Send me a pairing and a line of dialogue and I'll write you something
"Pearlie, is everything okay in there?"
Of course the collection of explicitives were going to draw attention from her girlfriend. Pearl, dragging the frying pan off the hob and frantically fanning the thin trail of smoke away with a paper towel, forced a grin even though Marina was on the other side of a closed door. "A'course! Everything's fiiine!" Phew. She'd managed to prevent the smoke alarm from going off. That would be a real snitch. "You know you don't have to worry about me, 'Rina!" Totally not. Pearl felt her grin turn to slightly more of a grimace as she observed the contents of the pan. "I said I'd make you a totally awesome breakfast and it's going, like, so awesomely!"
Well, she supposed somehow managing to burn specifically the middle of a pancake was awesome in its own way. At least she'd managed to prevent a fire?
"... Okay." Marina, unfortunately, sounded like she did not fully believe that everything was fine. She knew Pearl was putting a lot of herself into making this birthday breakfast for her, though, and didn't want to ruin that by interfering, unless there was an absolute emergency. Which there wasn't, because Pearl had things totally under control! "Call me if you want a hand, though."
"I got things under control! No hands necessary. I mean, other than my own." Pearl waved one of them, still unseen, and almost scalded her hair with a fresh-out-of-the-frying-pan spatula. "You are going to go back to bed and wait and feel loved and appreciated."
That did bring a very adorable laugh out of her. The best sound. The confidence booster for Pearl that she could, in fact, make an extravagant breakfast, even if she was significantly worse at multitasking than Marina was. "Okay, Pearlie," she said, affection in her voice. "I know it'll be great if you're putting so much love into it."
Of course it would! Marina had done the same thing for Pearl on her own birthday earlier in the month, and it had been the best meal the little squid had ever experienced in her life. Also one of the biggest, even if that had been a measurement-conversion mistake, and Pearl had felt too stuffed to move for half the day afterwards. Knowing Marina had put so much love into doing that for her motivated her to put in every bit as much effort now. Without giving her girlfriend mild stomach cramps in the process, hopefully.
It was... a little disheartedning that the pancakes were the first thing she was messing up, in a significant way, when that was something she was used to making, but... it was fine. There were just a lot of different things for her to keep track of, and she'd stopped paying attention for a moment.
The rest of this pancake seemed done, though, even if there was a very charred patch in the middle. She could cut that part out and style it so it had Marina's '8' logo in the centre!
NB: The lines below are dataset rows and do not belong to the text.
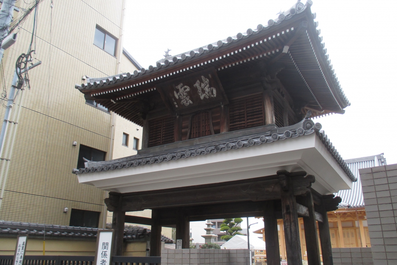 善龍寺は中央区唐人町にあるお寺さんです。黒門から城下に出た先が現在の唐人町商店街とのことですが、その正面に善龍寺の立派な山門がありました。そこに「関係者以外立入禁止」の立て看板がありました。本堂の建て替え工事中なので、規制をしていたのでしょう。ここは、1627年(寛永4年)に亡くなった如水の正室・光(院号は照福院)の火葬をした場所だそうです。庶民が住む場所には出来ないので、薬院の光専寺を開山した浄徳が、早良に庵を結んでいたので、米穀を与えて、ここに移させたのが、この寺の始まりとのことです。照福院の位牌は菩提寺の円応寺にありますが、このお寺にも位牌を置いているとのことです。山号は瑞雲山で、浄土真宗東本願寺派のお寺さんです。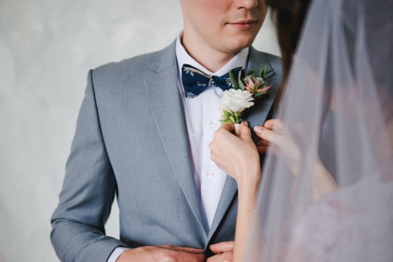 Il fiore va inserito nell’asola e appuntato con uno spillo da sotto al risvolto della giacca alla sinistra dello sposo.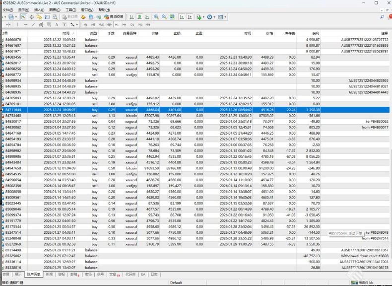 A某表示,其2025年12月9日-12日入金约2万6美金到澳汇做交易,并且非常幸运在1月份因为黄金大涨,几张顺势单盈利匪浅,且持仓时间都好几天,在2026年1月29日时准备出金过个好年。
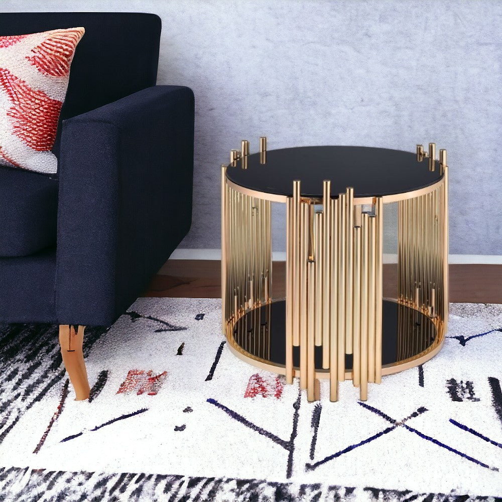 The base of this table is made from iron in a gold color that is a nice contrast to the black glass tabletop. Includes a single shelf for handy storage or display space. Side tables are a great way to flank your sofa, use as an accent next to your favorite chair, or can even be used bedside. You can also use it as an entryway table to hold your keys. 22" H x 25" W x 25" D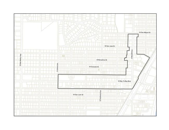 The Palma Ceia Commercial District Plan will address development issues along a 0.5-mile stretch of Bay to Bay Boulevard (one block north and south) from Himes Avenue to the Leroy Selmon Expressway. The study area also includes the commercial areas along MacDill Avenue from San Miguel to the Leroy Selmon Crosstown.

Pearl was a genius.
With the distraction now out of the way, she could hear a hissing sound.
"... Ah, shit, the eggs."
Maybe it seemed that she struggled a little bit, to the average, uncultured-in-Pearl person. And, well, some parts were a little cold by the time she'd finished organising the four different foods she'd been cooking at the same time.
The look on Marina's face, the sparkle in her eyes, when she took the first bite, was worth every ounce of effort.
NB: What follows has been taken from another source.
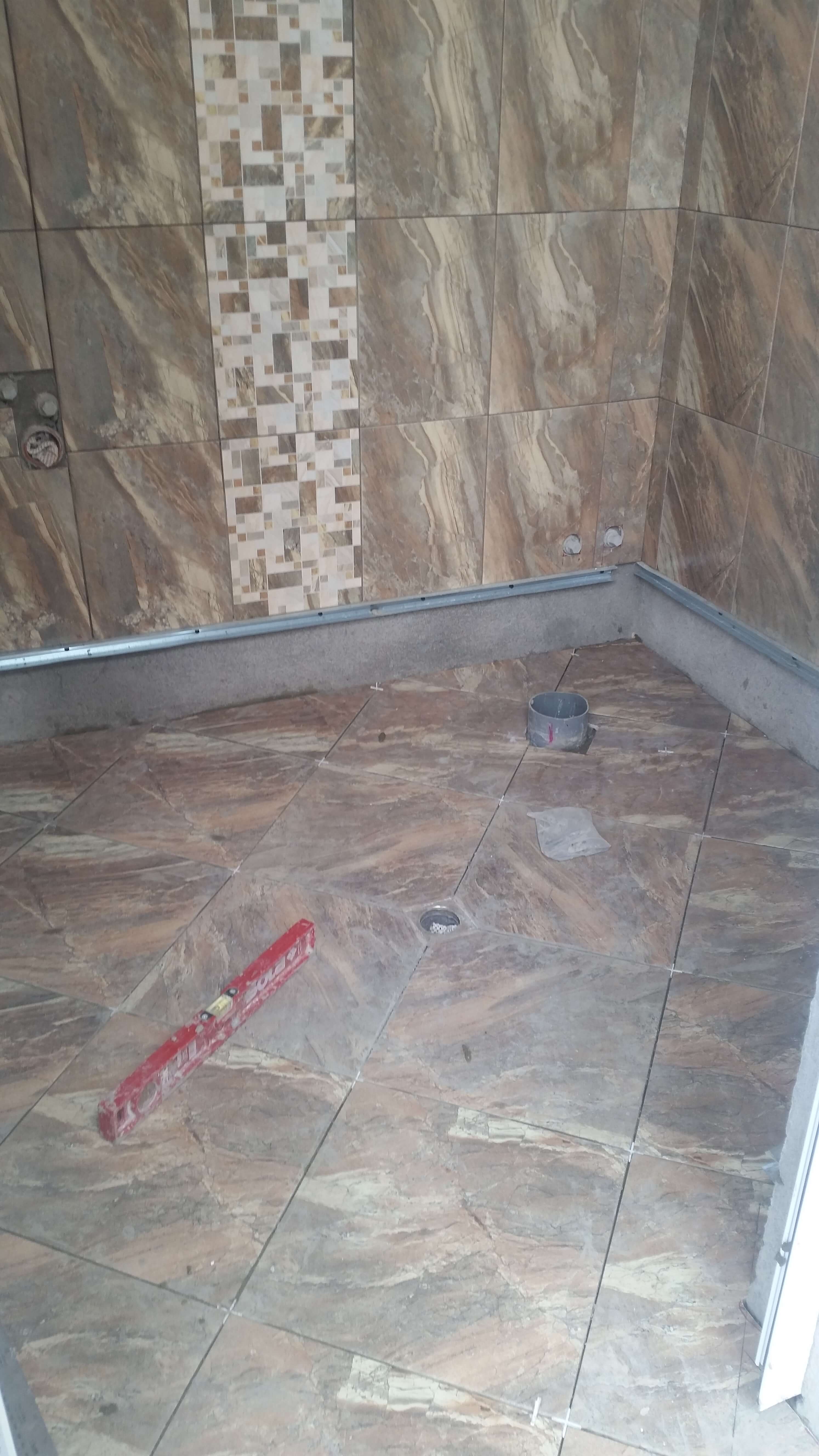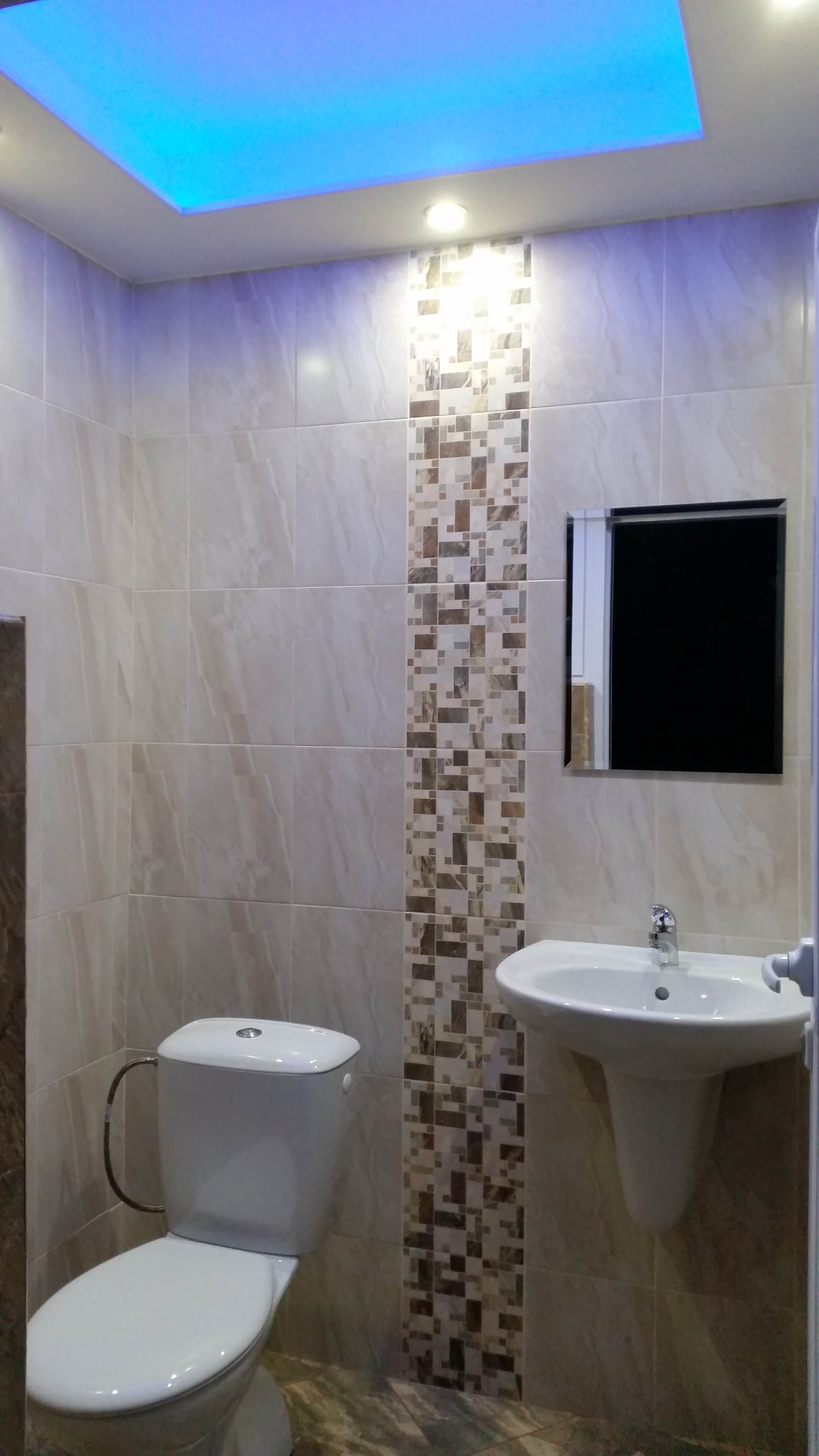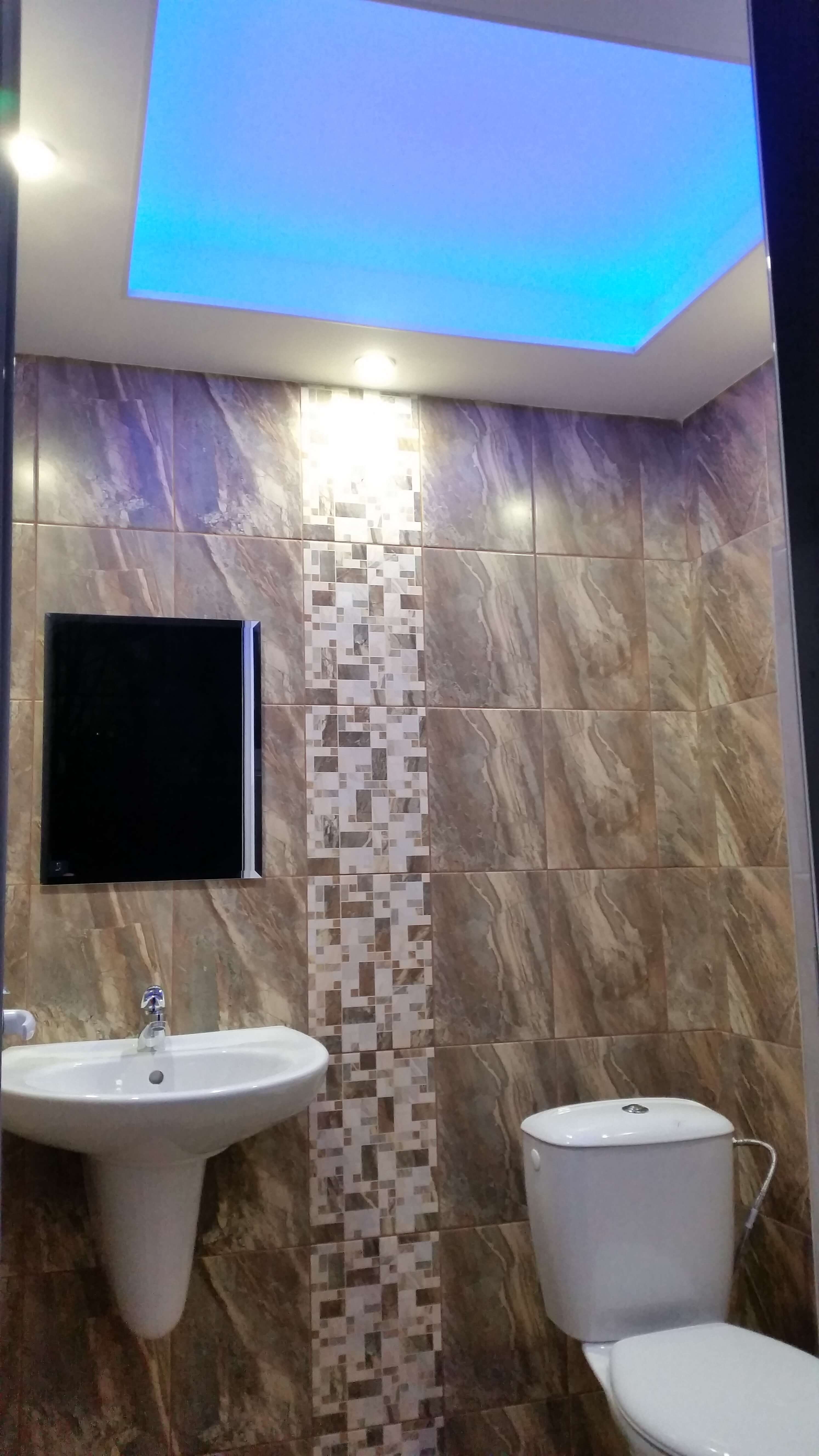Цялостна реновация и освежаване на съществуващи WC ( мъжка и женска). Смяна на старите железни тръби, нова канализация, плочки, моноблок, мивка, дограма, аксесоари за баня. Изграждане на окачен таван с лунички и RGB LED осветление в комбинация с цвета и подредбата на фаянсовите плочки успях да постигна желания ефект да се оптимизира малкото пространство от 3 кв.м. да изглежда просторно, уютно и да е функционално.

(Plus, only about ten percent of the food was totally inedible! That was a new personal record. Pearl really did a good job today, after all!)
#idea i had when this prompt was sent to me like. over a year ago and i only just now got around to writing it ghkgdf#i dont write pearlina much but theyre fun#my writing#pearl#marina#pearlina#especially pearl. ill be like im not that invested in pearl and then i write her for 5 minutes and remember she's silly and fun to write#every time i edit the draft of this the keep reading jumps somewhere else Will It Stay#also disclaimer i dont know how to cook like at all. i couldnt even think of enough breakfast foods to include in this#so if theres Breakfast Inaccuracies just look away... its fine..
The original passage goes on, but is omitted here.